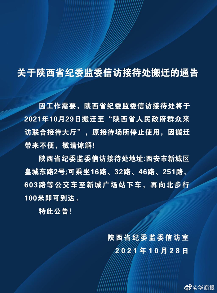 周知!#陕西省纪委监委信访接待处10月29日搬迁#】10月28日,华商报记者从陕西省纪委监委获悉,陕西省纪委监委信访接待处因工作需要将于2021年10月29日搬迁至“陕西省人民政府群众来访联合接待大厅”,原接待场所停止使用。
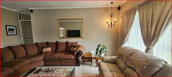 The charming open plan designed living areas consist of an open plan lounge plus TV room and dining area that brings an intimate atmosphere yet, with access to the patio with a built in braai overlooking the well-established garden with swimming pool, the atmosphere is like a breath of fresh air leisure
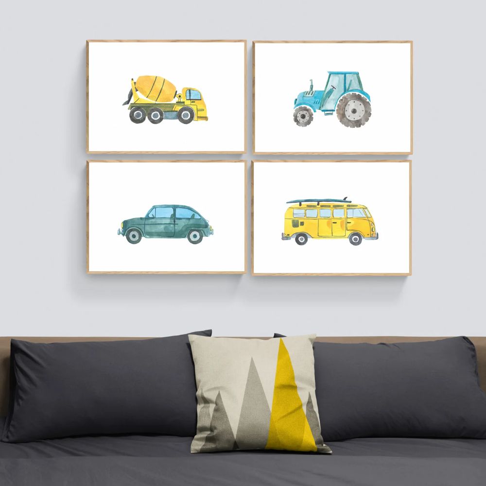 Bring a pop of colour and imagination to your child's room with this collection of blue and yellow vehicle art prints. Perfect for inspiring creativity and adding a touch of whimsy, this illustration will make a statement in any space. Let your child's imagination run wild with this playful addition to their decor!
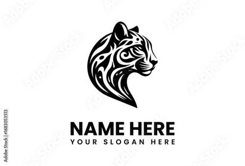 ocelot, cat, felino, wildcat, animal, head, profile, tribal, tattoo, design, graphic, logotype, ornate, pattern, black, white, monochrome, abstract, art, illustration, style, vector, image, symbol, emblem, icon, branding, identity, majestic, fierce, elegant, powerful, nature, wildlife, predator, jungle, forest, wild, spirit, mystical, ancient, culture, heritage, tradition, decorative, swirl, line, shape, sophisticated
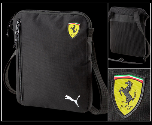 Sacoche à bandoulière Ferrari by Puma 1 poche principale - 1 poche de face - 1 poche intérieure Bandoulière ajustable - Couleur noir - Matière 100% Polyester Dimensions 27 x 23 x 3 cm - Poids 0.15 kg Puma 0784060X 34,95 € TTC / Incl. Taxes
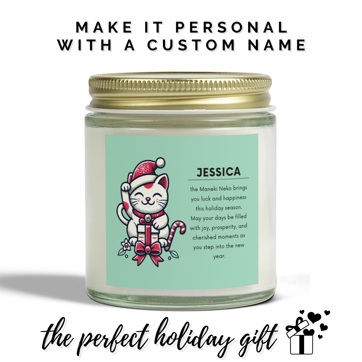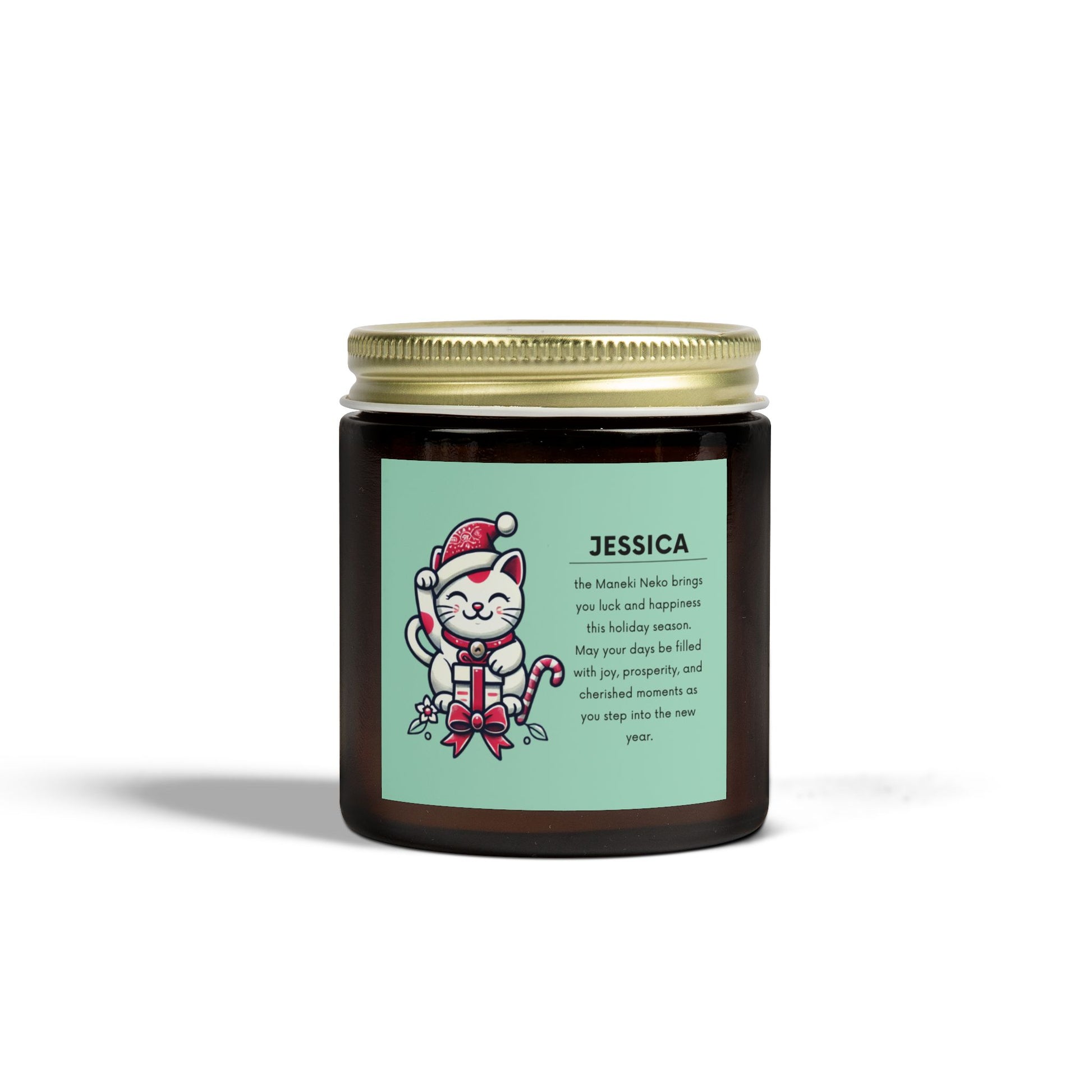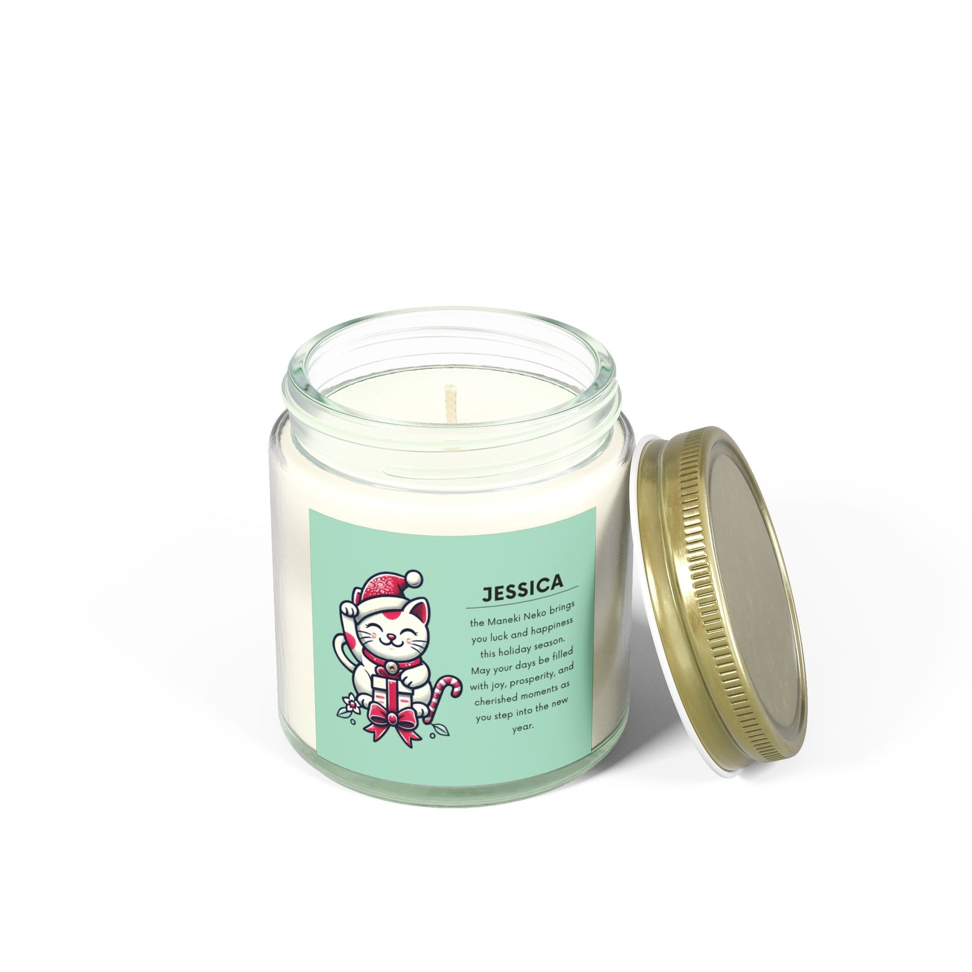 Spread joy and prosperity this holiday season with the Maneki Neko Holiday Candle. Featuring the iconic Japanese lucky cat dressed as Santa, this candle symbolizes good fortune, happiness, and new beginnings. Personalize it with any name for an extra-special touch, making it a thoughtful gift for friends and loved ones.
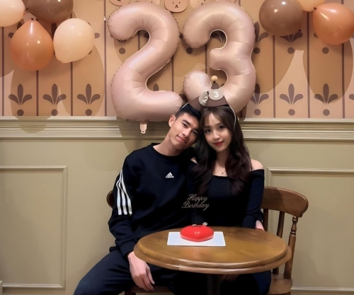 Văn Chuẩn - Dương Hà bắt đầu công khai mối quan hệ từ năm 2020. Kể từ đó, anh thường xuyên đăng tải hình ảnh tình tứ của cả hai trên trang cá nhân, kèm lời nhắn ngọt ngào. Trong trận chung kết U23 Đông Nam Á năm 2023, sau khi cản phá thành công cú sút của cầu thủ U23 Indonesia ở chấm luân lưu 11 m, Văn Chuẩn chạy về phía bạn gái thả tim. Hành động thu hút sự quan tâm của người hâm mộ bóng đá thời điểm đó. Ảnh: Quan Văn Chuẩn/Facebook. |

...

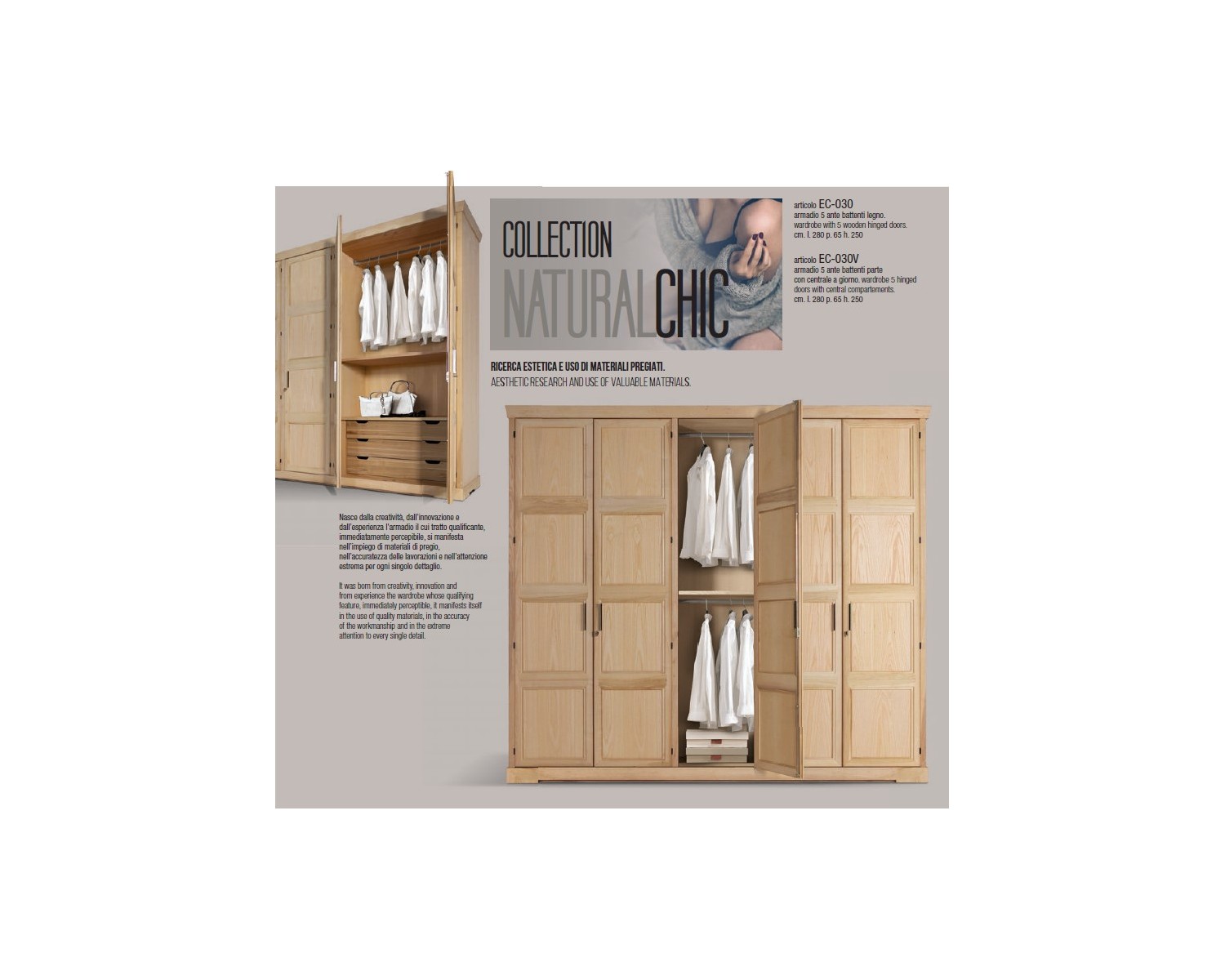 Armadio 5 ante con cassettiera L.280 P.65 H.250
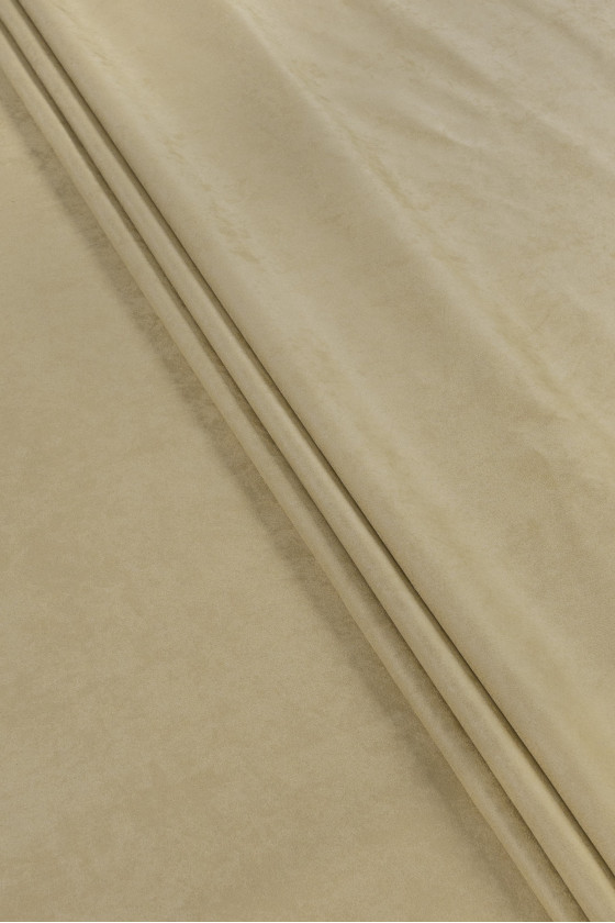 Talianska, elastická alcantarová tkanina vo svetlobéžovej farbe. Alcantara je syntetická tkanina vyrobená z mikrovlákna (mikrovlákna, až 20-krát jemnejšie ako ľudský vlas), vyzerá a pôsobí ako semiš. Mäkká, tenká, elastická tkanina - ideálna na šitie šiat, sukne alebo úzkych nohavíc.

§ TASK DESCRIPTION
Having found the line with "Armadio 5 ante" and the line with "Talianska, elastická alcantarová" in the material above, write out exactly those two and every line between, leaving the pictures out.

§ EXERCISE ANSWER
 Armadio 5 ante con cassettiera L.280 P.65 H.250
 Talianska, elastická alcantarová tkanina vo svetlobéžovej farbe. Alcantara je syntetická tkanina vyrobená z mikrovlákna (mikrovlákna, až 20-krát jemnejšie ako ľudský vlas), vyzerá a pôsobí ako semiš. Mäkká, tenká, elastická tkanina - ideálna na šitie šiat, sukne alebo úzkych nohavíc.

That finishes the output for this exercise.